As further guidance for the trial court, we suggest that for each term the son is enrolled as a full-time student in a junior college, subject to the conditions we have outlined, the father should be required to pay support in an amount equal to no more than 60% of the cost of tuition, books, and necessary fees for an equivalent college term at Northwest Alabama Community College. Likewise, for each term that the son is enrolled as a full-time student in a four-year college (also subject to the conditions we have outlined), the father should be required to pay support in an amount equal to no more than 60% of the cost of tuition, books, and necessary fees for any state-supported four-year college in Alabama.


THIGPEN, J., concurs.

ROBERTSON, P.J., concurs in part and dissents in part.

ROBERTSON, Presiding Judge, concurring in part and dissenting in part.
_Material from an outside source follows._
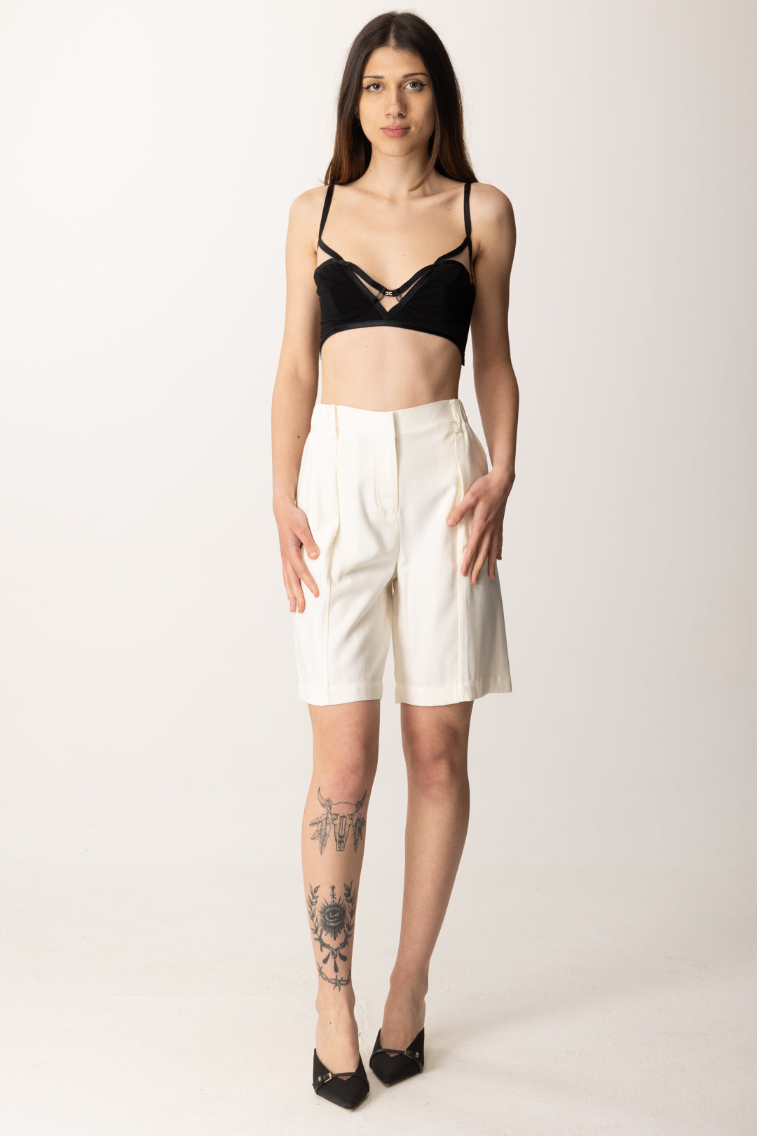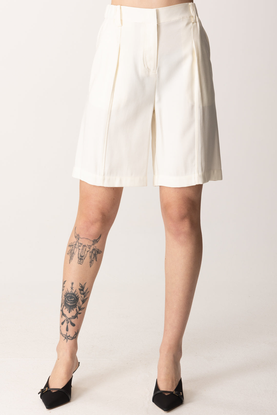 Bermuda Patrizia Pepe au style minimaliste mais impeccable, avec une coupe sartoriale et des plis frontaux. Idéaux pour un look urbain et sophistiqué. Associez-les à une chemise oversize ou à un crop top structuré pour équilibrer les volumes

I concur in the reversal of this case; however, I would reverse on the basis that the facts here do not meet the standards set out in Bayliss. Also, as Justice Almon wrote in a “concurring in the result” opinion in Ex parte Barnard,581 So.2d 489, 489 (Ala. 1991), concerning the problems with theBayliss decision that

“[o]ther inherent problems include the questions of how good a student a child has to be in order to be entitled to support under Bayliss; whether a child should be awarded support to attend a trade or technical school; whether such support can be awarded for post-graduate or professional studies; and at what age the parent’s obligation terminates.”

This seems to be one of those cases.